Figure 2. Out-of-fold model performance in predicting misdiagnosis. Green lines represent predictive performance on unseen out-of-fold data for each of the 400 final models. The thick blue line represents the average of all ROC curves. The grey area represents 1 SD. AUC: area under the receiver operating characteristic curve; ROC: receiver operating characteristic.
Figure 3. Results for the top 10 variables in the misdiagnosis model. Shown is SHAP analysis of the factors associated with misdiagnosis. The features (y-axis) are ordered by their average feature importance, indicated by the value inside the brackets, across all models. Each colored dot represents a participant, where the color gradient shows the value of the answer (red if low, green if high, and grey if missing), and the corresponding value on the x-axis shows directionality and the impact on model output, as determined using SHAP analysis. Values below 0 show directionality toward being correctly diagnosed, whereas values above 0 show directionality toward misdiagnosis. SHAP: Shapley additive explanations.

Model performance was largely driven by the top 5 predictors, with a steady decline in SHAP scores for subsequent variables. Of the top 10 predictors, 9 were selected in more than 75% (n=300) of the models, suggesting a relatively stable model composition. The exception was a variable related to “being more sexually active than usual,” which was selected in 71% (n=284) of the models. More detailed information on feature selection frequency is provided in Figure S3 in Multimedia Appendix 1.

Help-Seeking Behavior

Help-seeking behavior was investigated in 379 participants who were misdiagnosed at the baseline and who had completed at least 1 of the follow-up questionnaires. Of those, 229 (60.42%) participants sought an appointment with a medical professional during the follow-up period to discuss their mental health and were therefore defined as “help-seekers.” The help-seeker and non–help-seeker groups differed significantly in the highest achieved education level, relationship status, well-being, and severity of depressive symptoms (Table S3 in Multimedia Appendix 1). Participants more likely to seek help were on average less formally educated, more likely single, reported higher mean severity of symptoms, and worse overall well-being.

The model achieved an AUC of 0.71 (SD 0.04; Figure 4), with a sensitivity of 65% (SD 13%), specificity of 72% (SD 13%), and average accuracy of 67% (SD 4%; Table S4 in Multimedia Appendix 1). The strongest predictor was the shorter time since patients last spoke to a general practitioner (GP) about their mental health at baseline (Figure 5). It was followed by sleep problems disrupting daily tasks and taking prescribed antidepressants, both associated with increased help-seeking. Consistent with this, lower help-seeking was observed in participants who had never been prescribed antidepressants, namely selective serotonin reuptake inhibitors (SSRIs). Furthermore, there was a lower likelihood of help-seeking with higher age at both the first episode of low mood and diagnosis of depression, which was similarly predictive to not having been previously diagnosed with depression. Finally, impaired ability to work, lower well-being scores, feeling worthless, and lower self-rated mental health were associated with help-seeking behavior.

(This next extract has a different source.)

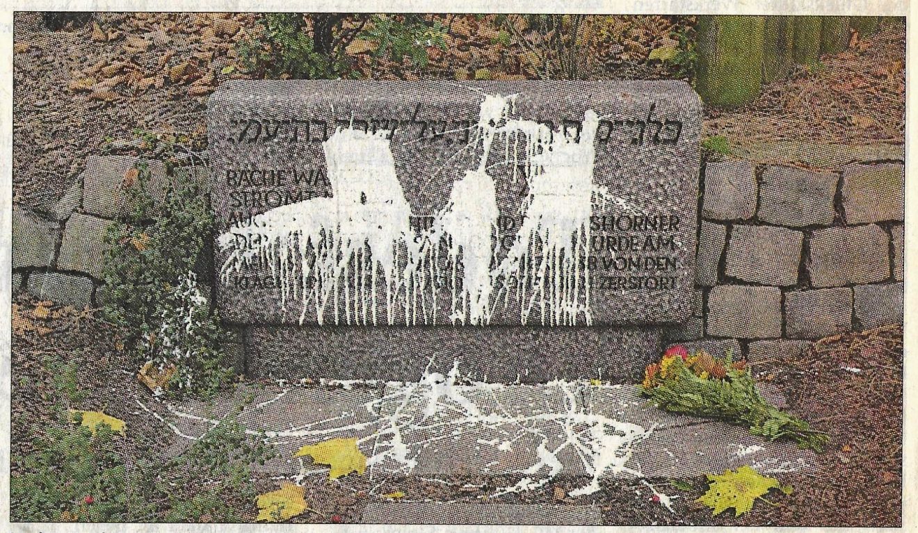 Vor 25 Jahren Anfang November 2000: Neofaschisten beschmierten den Gedenkstein für die Elmshorner Synagoge. Noch vor der Kranzniederlegung wurde damals der Stein wieder gesäubert. Bild: EN v. 10.11.2000

Figure 4. Out-of-fold model performance in predicting help-seeking. Green lines represent predictive performance on unseen out-of-fold data of each of the 400 final models. The thick blue line represents an average of all ROC curves. The grey area represents 1 SD. AUC: area under the receiver operating characteristic curve; ROC: receiver operating characteristic.
Figure 5. Results for top 10 variables in the help-seeking model in misdiagnosed individuals. Shown is feature SHAP importance (in brackets) and feature SHAP values (data points). SHAP values below 0 show directionality toward low help-seeking (ie, no appointment with GP or psychiatrist to discuss mental health), whereas values above 0 show directionality toward high help-seeking. GP: general practitioner; SHAP: Shapley additive explanations; SSRI: selective serotonin reuptake inhibitor.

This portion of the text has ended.